Simplicial Generalization of Pythagoras

Question

I recently heard about a claim that

For a triangle in 3-space, its area squared equals the sum of squares of areas of its projections onto three pairwise orthogonal planes.

I currently don't have any proof for that at hand. However, if it were true, in combination with the well-known Pythagoras theorem, where the line segments simply are to be considered as 1D simplices, it seems that it might become extrapolatable for higher dimensional simplices too:

Then it ought state like this:

For an nD simplex within (n+1)D space, its nD hyper-volume squared equals the sum of the n+1 squares of the nD hyper-volumes of its projections onto the (mutually orthogonal) coordinate hyperplanes.

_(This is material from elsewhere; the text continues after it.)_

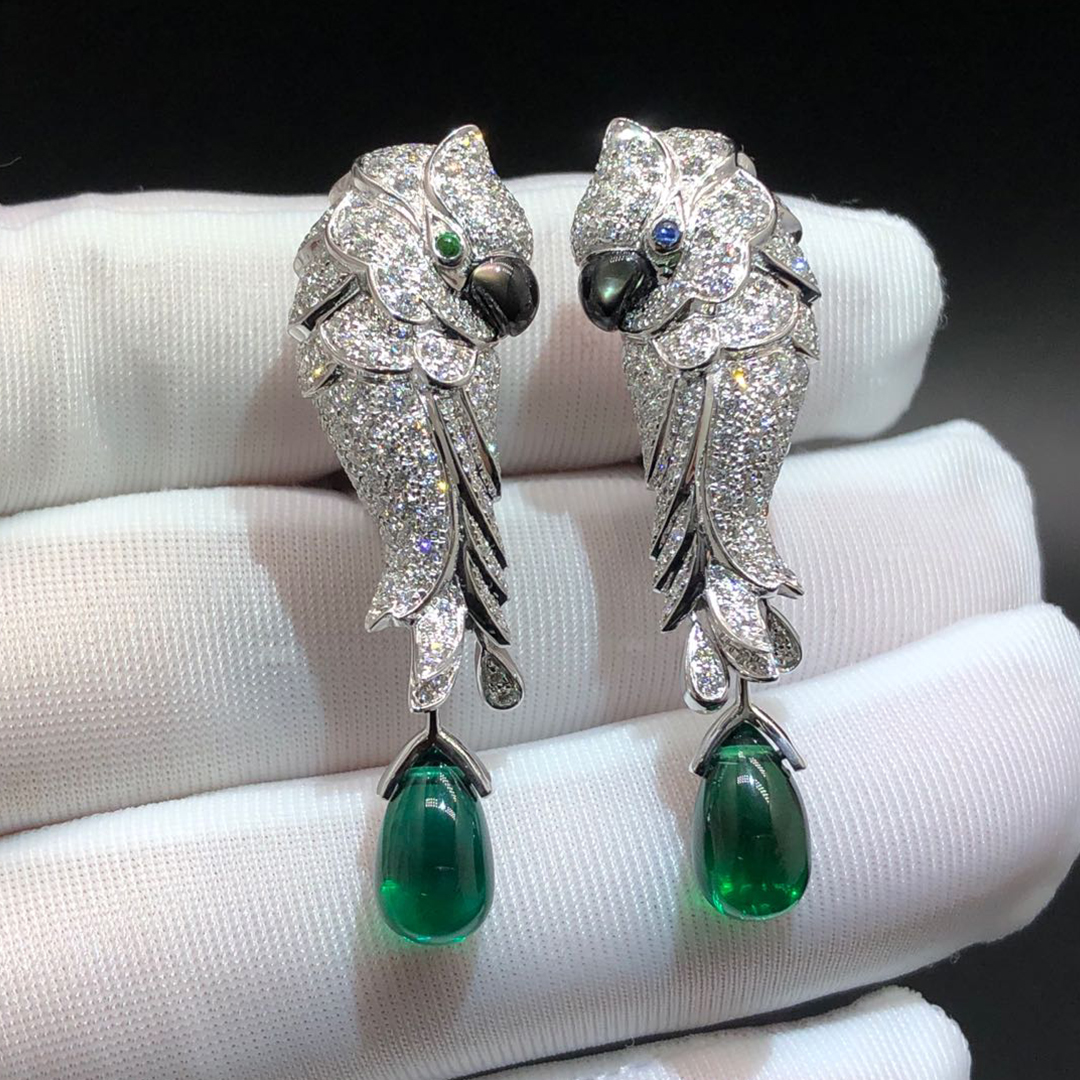 100% exactly same as authentic Cartier Les Oiseaux Libérés Parrot Earrings, natural gems. What you see is absolutely what you get! We guarantee everything we sell.

If that theorem could be proven in general, then Pythagoras would simply become the case n=1 and the heard of claim would just be case n=2.

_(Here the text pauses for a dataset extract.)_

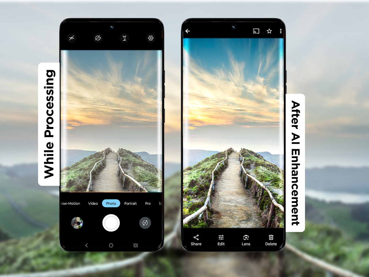 Enhance your image quality and shoot like a pro with AI-Enhanced Image Processing. AI improves the dynamic range and enables both software-based bokeh and advanced noise reduction especially in low-lighting conditions. All this processing happens on uncompressed RAW image data as it simultaneously applies settings from multiple shooting modes into one to deliver peak quality and finer details. You can really notice the difference when you zoom in. Enhance your image quality and shoot like a pro with AI-Enhanced Image Processing. AI improves the dynamic range and enables both software-based bokeh and advanced noise reduction especially in low-lighting conditions. All this processing happens on uncompressed RAW image data as it simultaneously applies settings from multiple shooting modes into one to deliver peak quality and finer details. You can really notice the difference when you zoom in.

Thus, any proof would be welcome.

--- rk

Answer 1

This is true. It's called de Gua's theorem (from 1783!), and the higher-dimensional generalization is due to Conant and Beyer (from 1974!). The cleanest proof I can think of involves using either exterior algebra or geometric algebra; they are basically equivalent but I'll stick to the exterior algebra since I think it is a little more familiar.

We need the following facts. Let $V$ be a finite-dimensional real inner product space of dimension $n$ and let $e_1, \dots e_n$ be any orthonormal basis of it.

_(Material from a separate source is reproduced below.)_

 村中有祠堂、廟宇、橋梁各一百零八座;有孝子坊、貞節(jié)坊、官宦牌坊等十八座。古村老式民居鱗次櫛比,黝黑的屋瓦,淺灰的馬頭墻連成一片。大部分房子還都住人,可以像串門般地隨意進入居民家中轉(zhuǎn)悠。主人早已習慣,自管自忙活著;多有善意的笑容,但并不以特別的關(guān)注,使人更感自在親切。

1. From $V$ we can form another vector space called the $k$-th exterior power $\Lambda^k(V)$, which consists of sums of symbols of the form $v_1 \wedge v_2 \wedge \dots v_k$ (wedge products or exterior products) subject to the relations that $\wedge$ is associative, antisymmetric ($v \wedge w = - w \wedge v$, or equivalently $v \wedge v = 0$), and bilinear. This vector space has dimension ${n \choose k}$, and given a basis of $V$ as above, a basis of $\Lambda^k(V)$ is given by wedge products $e_{i_1} \wedge e_{i_2} \wedge \dots \wedge e_{i_k}$ of $k$ distinct elements of a basis of $V$ in increasing order.

2. $\Lambda^k(V)$ has an inner product induced from the inner product on $V$ given by the Gram determinant $(v_1 \wedge \dots v_k) \cdot (w_1 \wedge \dots w_k) = \det (v_i \cdot w_j)$. It has the property that if $e_i$ is an orthonormal basis of $V$ then the basis of wedge products as defined above is an orthonormal basis of $\Lambda^k(V)$.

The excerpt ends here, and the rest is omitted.